Cementing Acetabular Liners Into Secure Cementless Shells for Polyethylene Wear Provides Durable Mid-term Fixation

John J Callaghan 1,2,, David W Hennessy 3, Steve S Liu 1, Kirsten E Goetz 1, Anneliese D Heiner 1
PMCID: PMC3462859  PMID: 22585349

Abstract

Background

In a previous experiment studying cementation of liners into cementless acetabular shells, placing grooves in the liner in a spider-web configuration created the greatest construct strength. Scoring shells without screw holes or other texturing helped prevent failure at the shell-cement interface. However, it was unclear whether these practices caused durable constructs in patients.

Questions/purposes

We therefore determined (1) rerevision rates; (2) functional scores (Harris hip scores, WOMAC, and SF-36); (3) acetabular loosening rates; and (4) acetabular osteolysis rates in patients in whom we cemented nonconstrained liners into well-fixed and well-positioned acetabular shells.

Methods

We prospectively followed 30 patients with 31 total hip arthroplasties in which a worn acetabular liner was revised by cementing a new liner into the existing shell that was stable and well positioned. Acetabular liners were prepared as determined by our previous study.

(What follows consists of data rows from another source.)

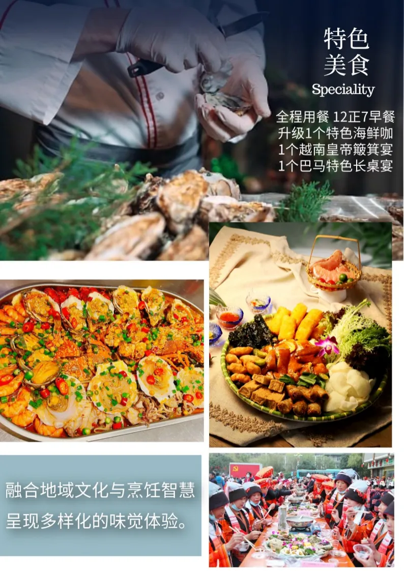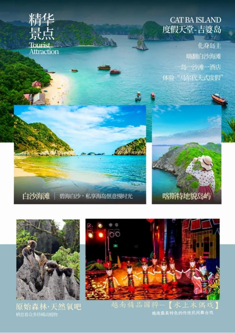 早餐后,乘渡轮前往海防,再乘车前往下龙,一路车览打卡自然奇观【升龙湾】,沿着这条最美的公路前行,一路蜿蜒,风景优美,沿途金色的沙滩、湛蓝的海水,以及翠绿的树木让人眼前一亮,一扫视觉疲劳,夹杂着海洋气息的清新不时地拂面而来,身临其境感悟自然独特的喀斯特地貌,感受“海中有山,山下是海”的风景画卷,欣赏拜子龙湾生态旅游区的原野之美和天造的迷人景观,在热带湿润气候的作用下,近距离抚触喀斯特地貌形成的未经雕琢的一座座独特地貌岩石,大气磅礴的让人迷恋,拜子龙 湾不仅拥有的数百座露水岛礁和长达数百公里柔软细腻白沙滩的海岸线,这里的水质是最好的,与山头的植被浑然一体,可以用“未经触摸”来形容,往远处看四面八方都被连绵不绝的群山包围,与大陆隔绝开来,大岩块被谜一样地切割成五颜六色、鳞次栉比的分层。逆光下显现出来的远山轮廓,加强了神秘感,周围岩层的方向不是平行于地面,而是霸气地指向天空,伴随着因回岸而更加汹涌的海浪,给人一种桀骜不驯的感觉!
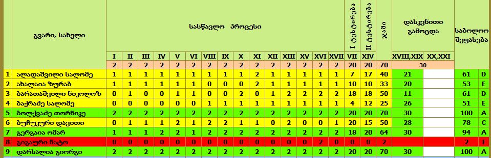 18 კვირას ვსწავლობთ 15 კვირა ეს 30 ქულა .... მერე 2 შუალედური 40 ქულა და გამოცდაც 30 და გამოდის 100....
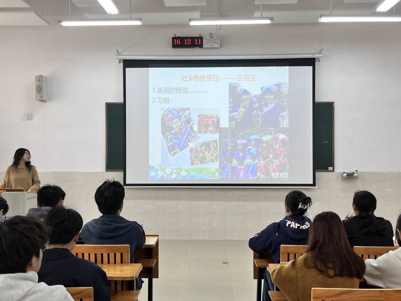 学习活动中,各班级通过PPT展示、观看民俗文化宣传片等形式,让学生深入了解了壮锦制作、山歌传唱等传统技艺和习俗,深刻感悟到中华优秀传统文化的独特魅力和深厚底蕴。
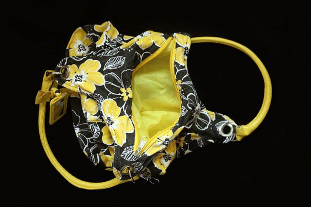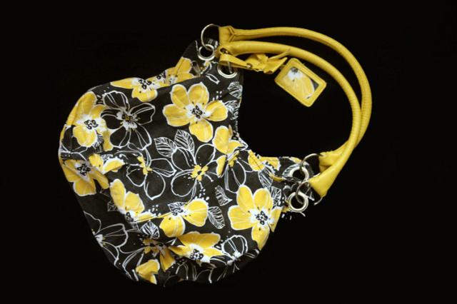 Daili geltona tašytė su juodimis gėlytėmis, vasara
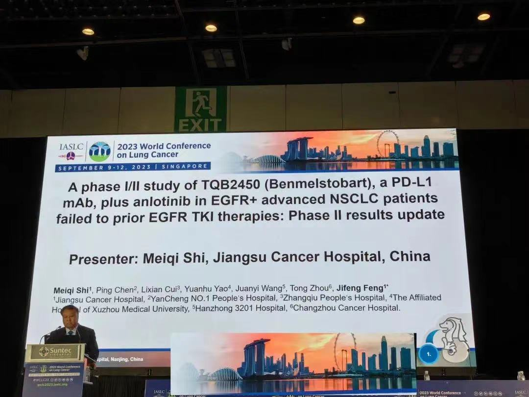 8.Meiqi Shi,et al. A phase I/II study of TQB2450 (Benmelstobart), a PD-L1 mAb, plus anlotinib in EGFR+ advanced NSCLC patients failed to prior EGFR TKI therapies: Phase II results update. 2023 WCLC
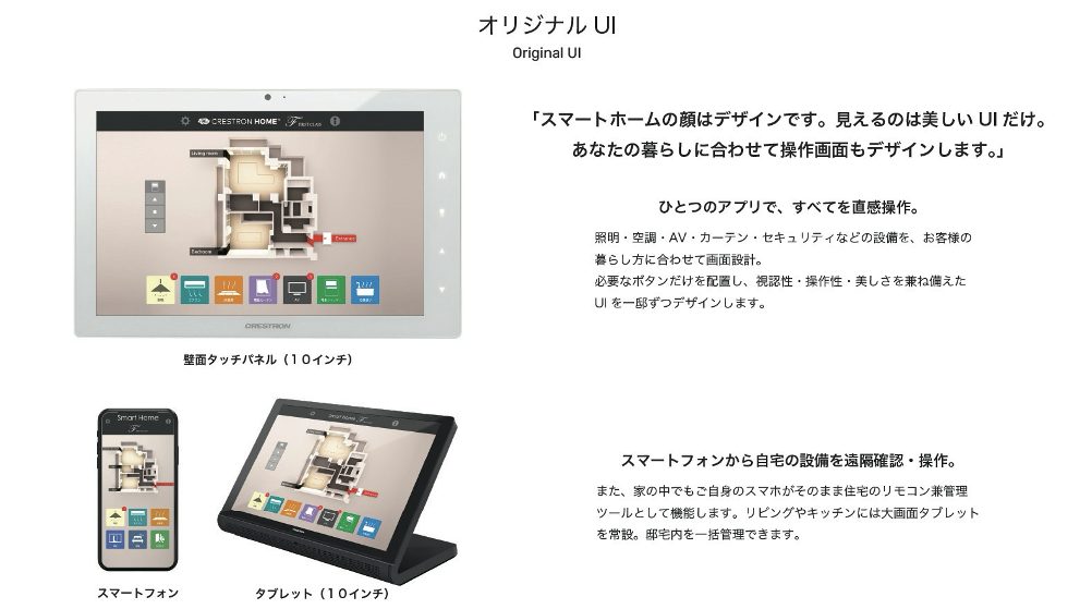 「スマートフォンやタッチパネルのユーザーインターフェイス(UI)にもこだわっております。お客様のお宅や間取りを反映したオーダーメイドのインターフェイスにすることができます」
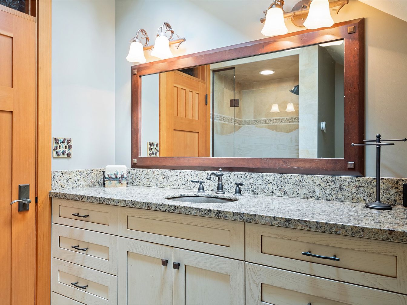 A spacious bathroom vanity sets a warm and inviting tone with its granite countertop and creamy shaker cabinetry, offering ample storage for family essentials. The large wooden-framed mirror reflects light from dual sconce fixtures, enhancing the bright, open feel of the room. Neutral wall colors provide a soothing backdrop, while the robust hardware and natural wood door complement the overall craftsman-inspired aesthetic. Practical touches, such as the tissue box and accessory stand, make this space easy for families to keep organized. The visible glass shower enclosure hints at a well-designed, functional layout beyond the vanity.
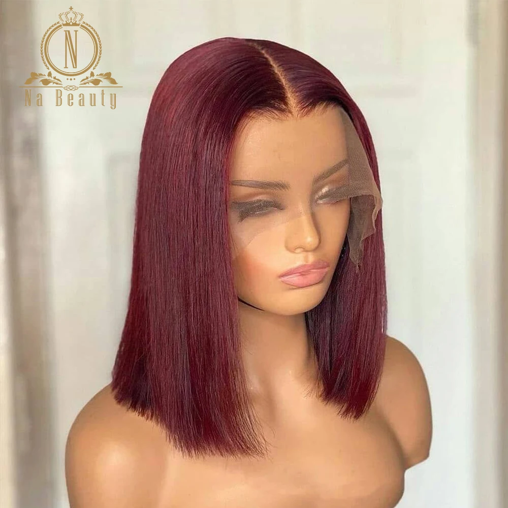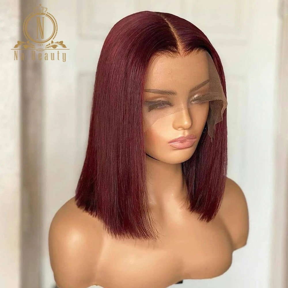 Парик из человеческих волос бордового, красного цвета, 13x4, парики из натуральных волос на сетке спереди, 99J, парики из бразильских прямых человеческих волос спереди для черных женщин, Nabeauty
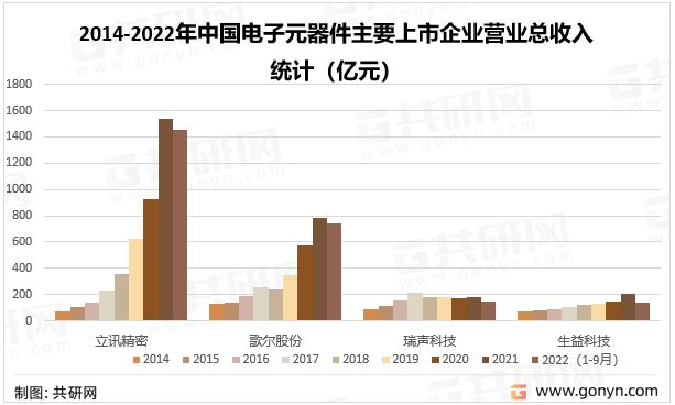 2014-2022年中國電子元器件主要上市企業(yè)營業(yè)總收入統(tǒng)計(jì)(億元)
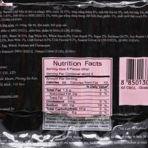 Là dạng viên thả lẩu đến từ nhà viên thả lẩu 3N Foods, thành phần gồm surimi từ thịt cá trắng, lòng trắng trứng,… tự nhiên. Thanh cua surimi vị cua 3N Foods gói 250g có thể dùng để làm món cơm chiên, mì xào, lẩu, sushi,…vô cùng thơm ngon
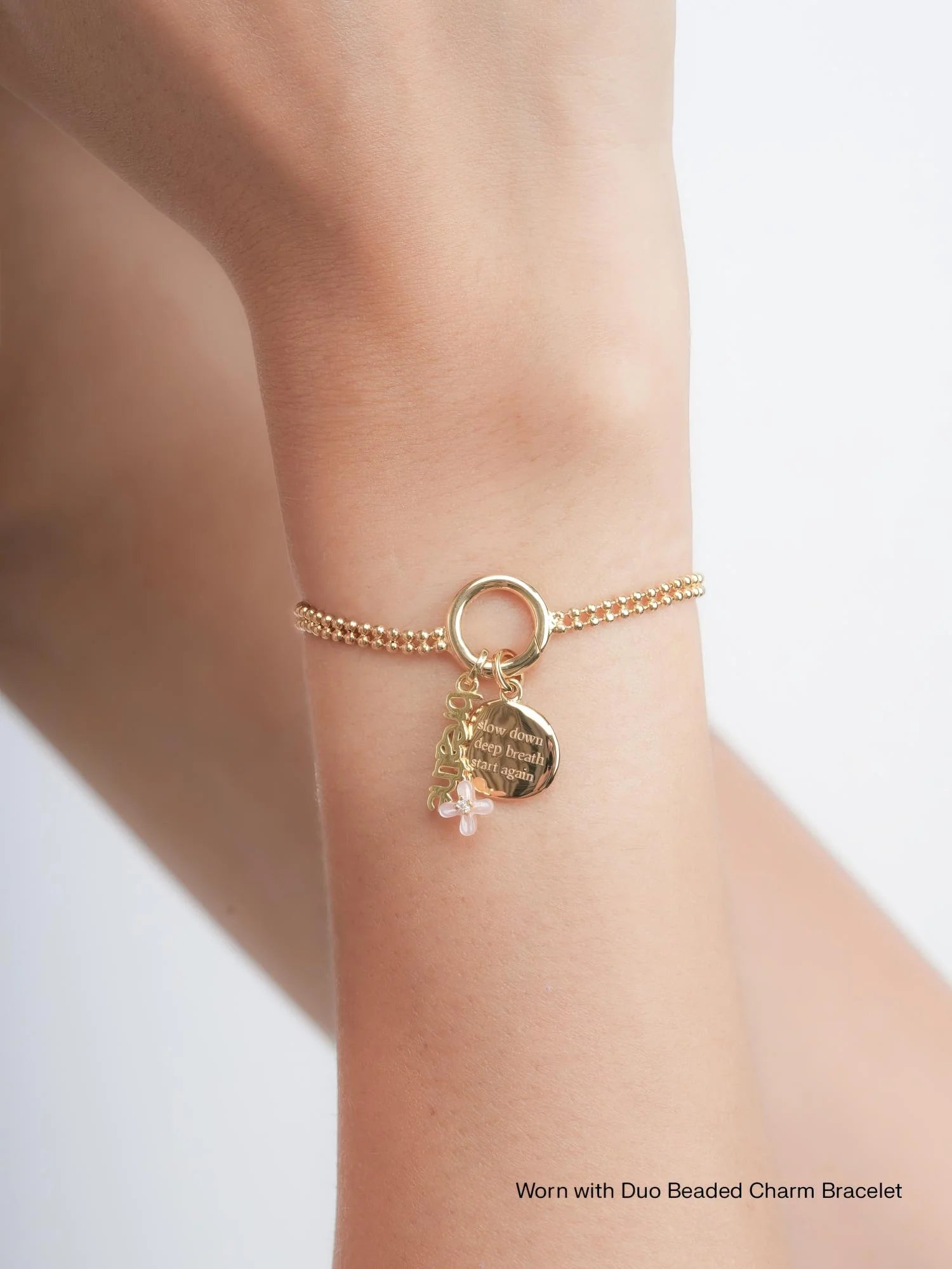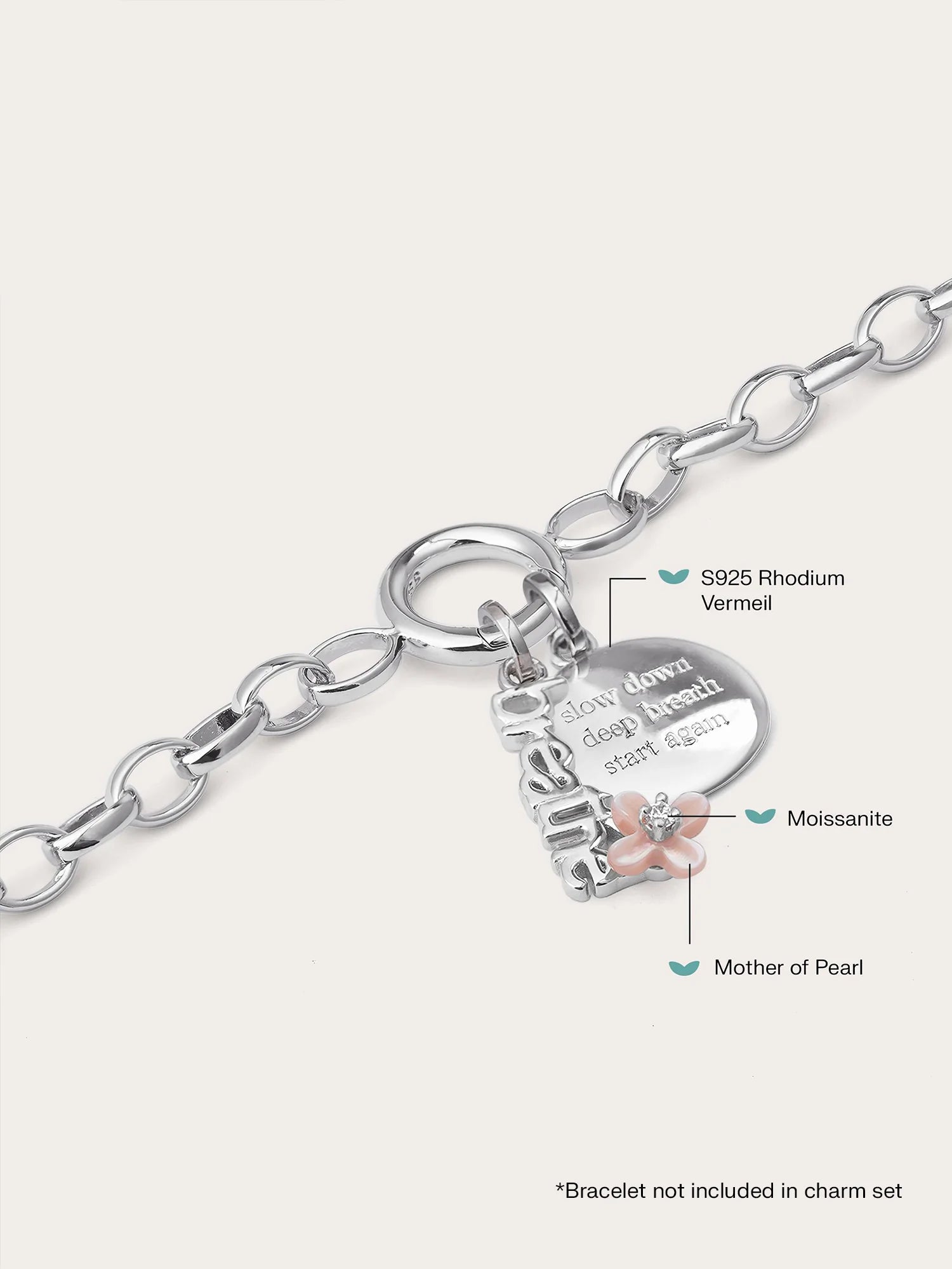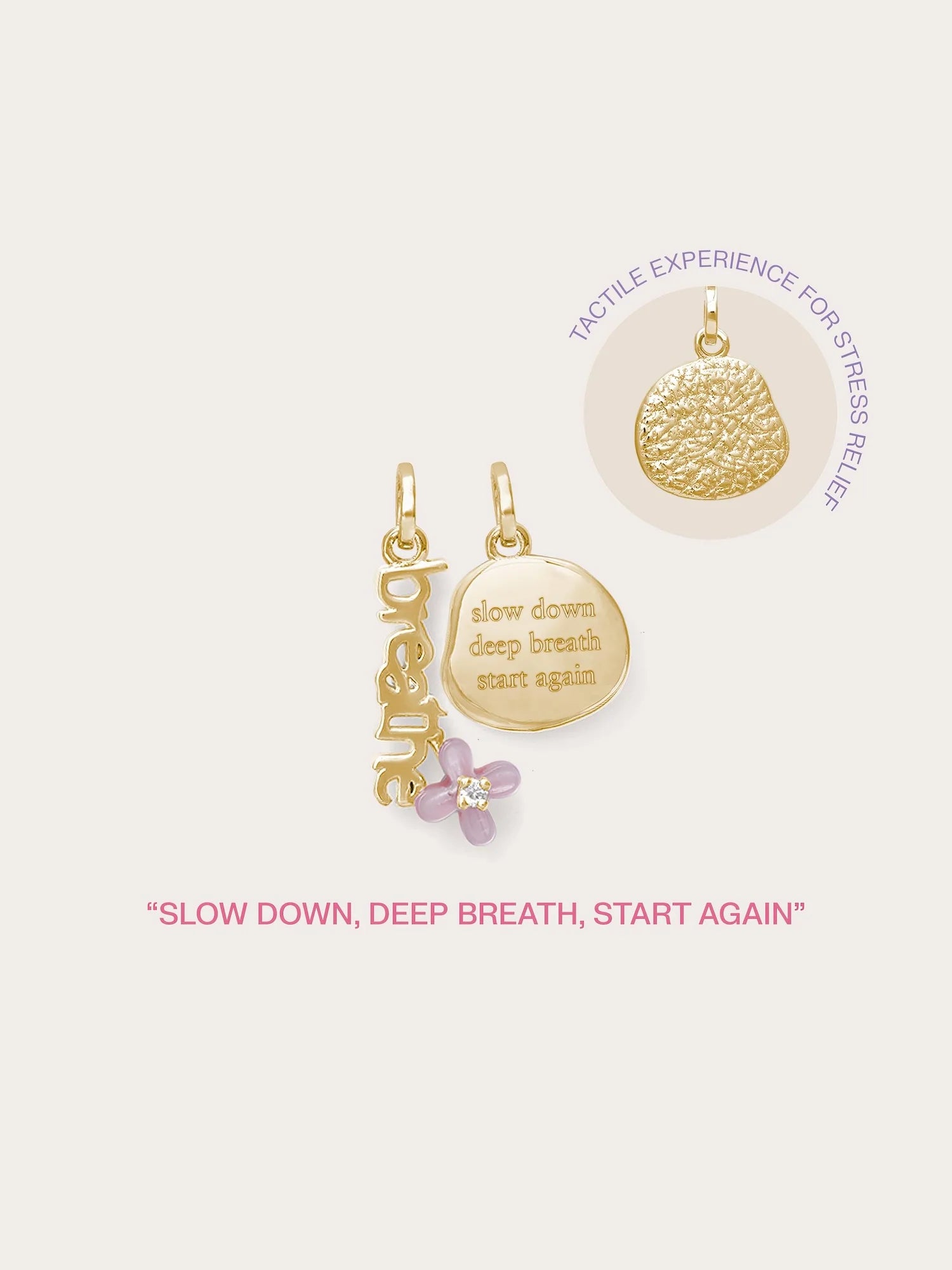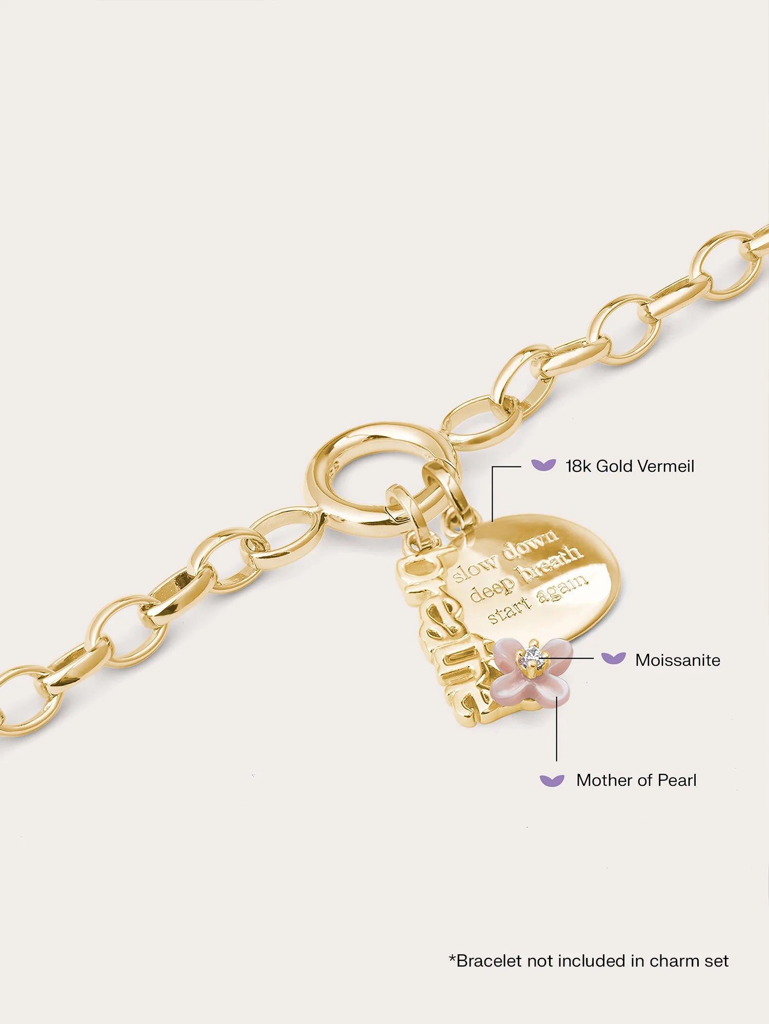 This charm set is a gentle reminder to take a break and breathe when life gets overwhelming. It's an ideal gift for those seeking peace and mindfulness. Crafted in 18k rose gold vermeil.

Twenty-seven of the 30 patients (28 hips) were evaluated clinically. We recorded revisions and determined radiographic loosening and osteolysis. The minimum clinical followup was 2 years (mean, 5.3 years; range, 2–10 years). Twenty-six hips (87%) had minimum 2-year radiographic followup with an average length of 4.8 years.

Results

No hip required rerevision during the followup interval. Two hips (6%) dislocated once, both treated nonoperatively. Harris hip scores, WOMAC, and SF-36 scores increased over preoperatively at last followup. All acetabular shells and liners were radiographically stable without evidence of loosening or progressive acetabular osteolysis.

Conclusions

Cementation of a liner into a well-fixed cementless shell after scoring in a spider-web configuration provided secure fixation with no failures of the construct at average 5.3 years followup.

Level of Evidence

Level IV, therapeutic study. See Guidelines for Authors for a complete description of levels of evidence.

Introduction

Study of cementless acetabular component fixation has demonstrated long-term durability with loosening rates of 1% to 2% at 20 years [5, 6]. However, wear-through of the polyethylene into the shell requiring reoperation occurs in 3% to 4% of hips long term in series in which gamma irradiated in air polyethylene or noncrosslinked polyethylene was used [1, 2]. When this occurs and the shell is both secure and well positioned, one option is to cement a new liner into the shell.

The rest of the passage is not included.